**Task to complete**:
Could you give back exactly the lines below from the one with "Ein weißer Schwan" through the one with "Searching for comfort", without a single picture?

**Materials provided**:
· · ·
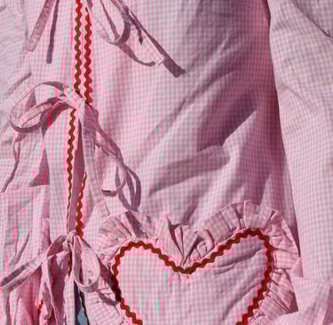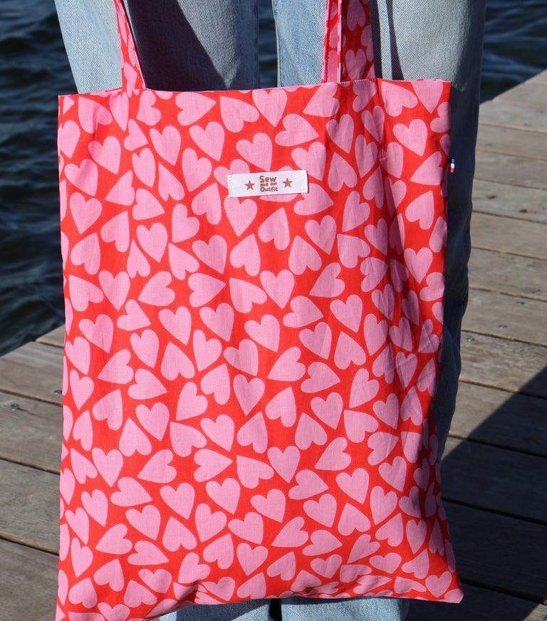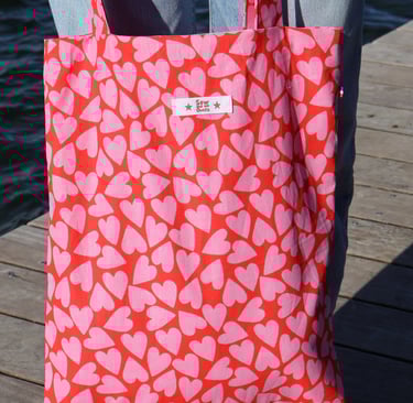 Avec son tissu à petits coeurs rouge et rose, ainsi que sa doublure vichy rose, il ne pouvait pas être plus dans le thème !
· · ·
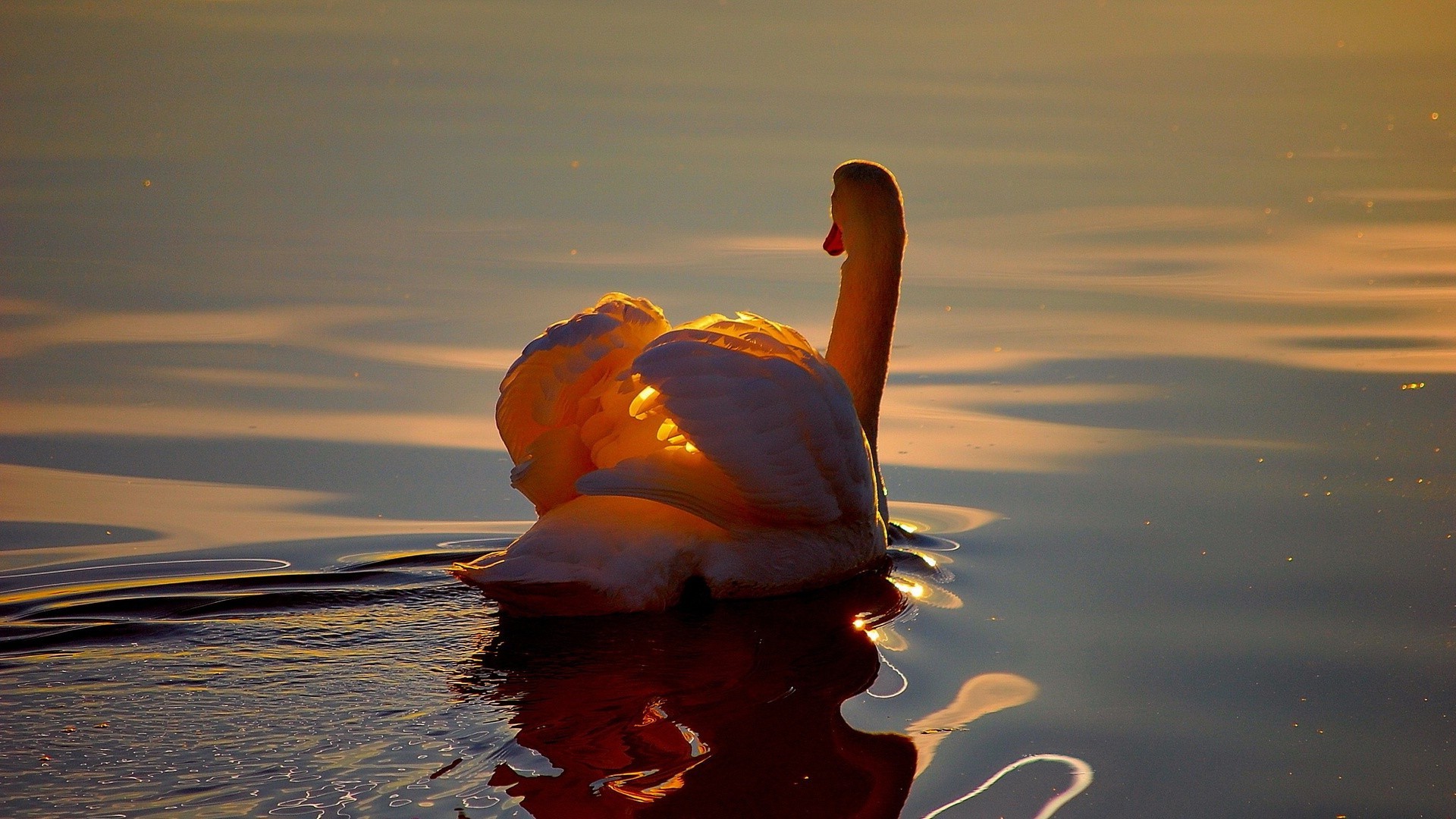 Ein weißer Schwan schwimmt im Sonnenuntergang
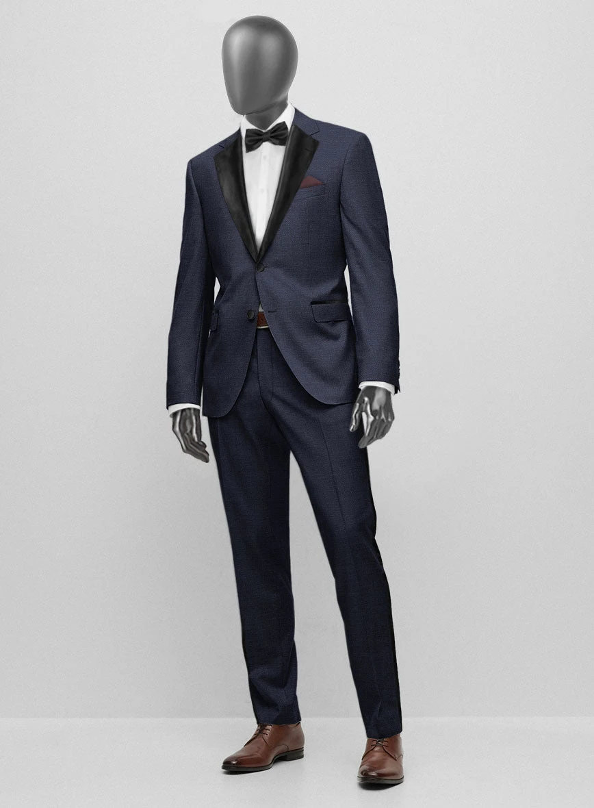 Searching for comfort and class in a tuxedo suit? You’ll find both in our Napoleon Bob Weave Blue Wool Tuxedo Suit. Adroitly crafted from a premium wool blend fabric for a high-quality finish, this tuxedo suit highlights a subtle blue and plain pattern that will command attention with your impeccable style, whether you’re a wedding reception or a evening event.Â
· · ·
**Task output**:
 Ein weißer Schwan schwimmt im Sonnenuntergang
 Searching for comfort and class in a tuxedo suit? You’ll find both in our Napoleon Bob Weave Blue Wool Tuxedo Suit. Adroitly crafted from a premium wool blend fabric for a high-quality finish, this tuxedo suit highlights a subtle blue and plain pattern that will command attention with your impeccable style, whether you’re a wedding reception or a evening event.Â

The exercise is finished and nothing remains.